Input data =
>>

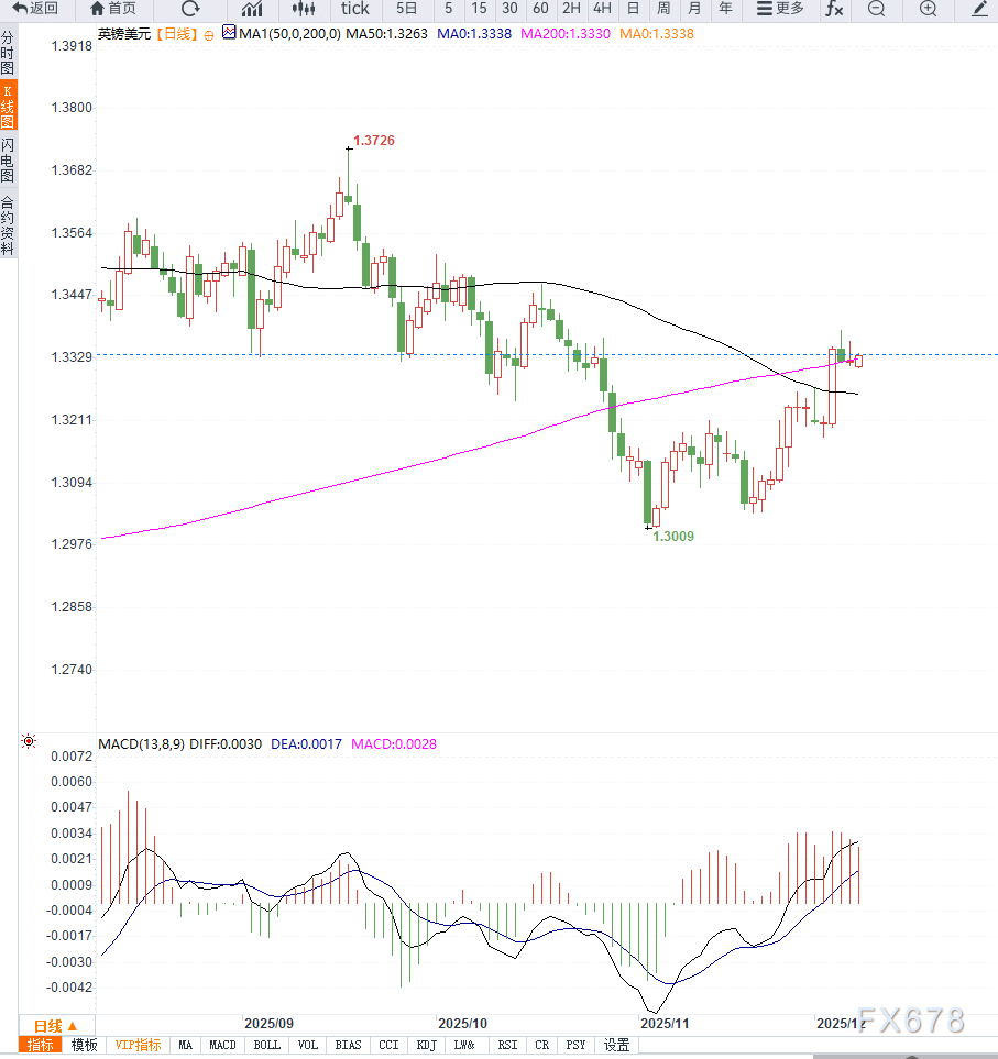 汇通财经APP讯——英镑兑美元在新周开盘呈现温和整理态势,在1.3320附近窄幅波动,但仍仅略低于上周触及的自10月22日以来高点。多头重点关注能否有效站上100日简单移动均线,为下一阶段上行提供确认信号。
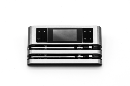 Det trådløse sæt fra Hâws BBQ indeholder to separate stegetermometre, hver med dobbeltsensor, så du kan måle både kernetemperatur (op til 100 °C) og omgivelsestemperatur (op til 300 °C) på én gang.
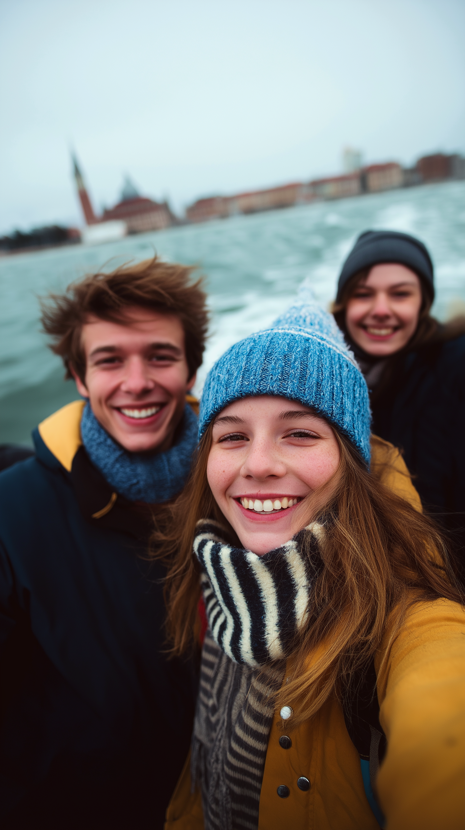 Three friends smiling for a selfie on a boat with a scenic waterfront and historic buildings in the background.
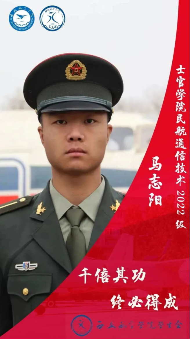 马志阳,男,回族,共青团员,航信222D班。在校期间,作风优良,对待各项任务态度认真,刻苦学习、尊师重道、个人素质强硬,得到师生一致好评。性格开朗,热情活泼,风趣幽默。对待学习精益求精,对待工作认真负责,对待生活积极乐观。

<<
>>

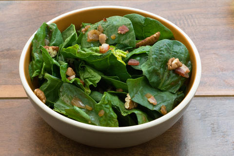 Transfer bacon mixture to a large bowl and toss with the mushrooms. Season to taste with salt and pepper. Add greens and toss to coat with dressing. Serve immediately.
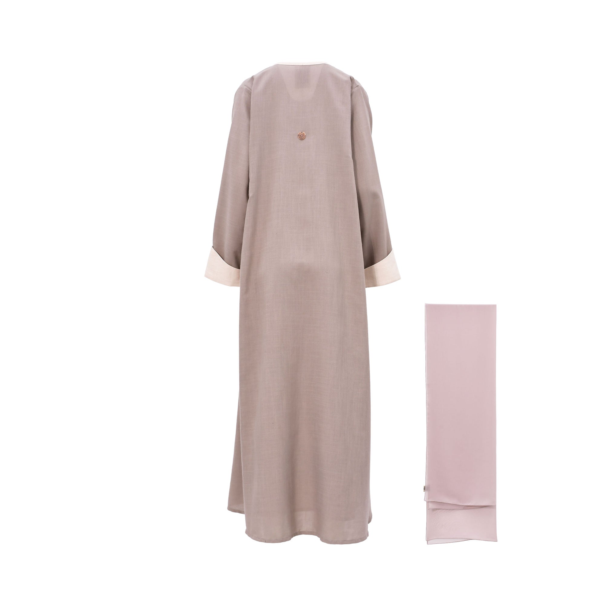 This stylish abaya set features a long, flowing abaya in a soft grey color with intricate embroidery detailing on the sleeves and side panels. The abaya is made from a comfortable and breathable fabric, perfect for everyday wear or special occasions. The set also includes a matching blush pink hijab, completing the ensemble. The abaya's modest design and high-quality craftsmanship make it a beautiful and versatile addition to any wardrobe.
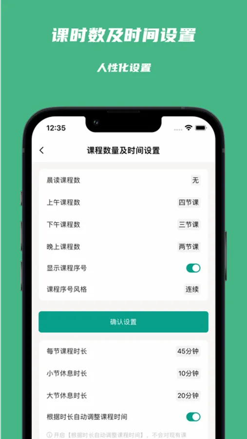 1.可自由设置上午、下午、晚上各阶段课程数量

<<
>>

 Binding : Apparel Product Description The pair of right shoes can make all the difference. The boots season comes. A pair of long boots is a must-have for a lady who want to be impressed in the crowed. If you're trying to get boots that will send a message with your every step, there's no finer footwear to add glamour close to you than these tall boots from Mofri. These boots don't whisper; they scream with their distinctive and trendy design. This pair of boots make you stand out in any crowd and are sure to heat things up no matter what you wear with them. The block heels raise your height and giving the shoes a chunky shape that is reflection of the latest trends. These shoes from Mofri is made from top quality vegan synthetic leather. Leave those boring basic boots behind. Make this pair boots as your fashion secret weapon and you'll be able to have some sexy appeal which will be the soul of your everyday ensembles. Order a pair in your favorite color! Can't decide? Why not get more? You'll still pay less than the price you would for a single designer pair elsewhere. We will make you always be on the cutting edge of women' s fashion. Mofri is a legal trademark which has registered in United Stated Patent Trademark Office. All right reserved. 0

<<

Your assignment =
Going by the entries above, repeat exactly the lines that start at the line with "汇通财经APP讯——英镑兑美" and go on through the line with "马志阳,男,回族,共青团员,航信222D". Pictures are not part of the copy.

Your response =
 汇通财经APP讯——英镑兑美元在新周开盘呈现温和整理态势,在1.3320附近窄幅波动,但仍仅略低于上周触及的自10月22日以来高点。多头重点关注能否有效站上100日简单移动均线,为下一阶段上行提供确认信号。
 Det trådløse sæt fra Hâws BBQ indeholder to separate stegetermometre, hver med dobbeltsensor, så du kan måle både kernetemperatur (op til 100 °C) og omgivelsestemperatur (op til 300 °C) på én gang.
 Three friends smiling for a selfie on a boat with a scenic waterfront and historic buildings in the background.
 马志阳,男,回族,共青团员,航信222D班。在校期间,作风优良,对待各项任务态度认真,刻苦学习、尊师重道、个人素质强硬,得到师生一致好评。性格开朗,热情活泼,风趣幽默。对待学习精益求精,对待工作认真负责,对待生活积极乐观。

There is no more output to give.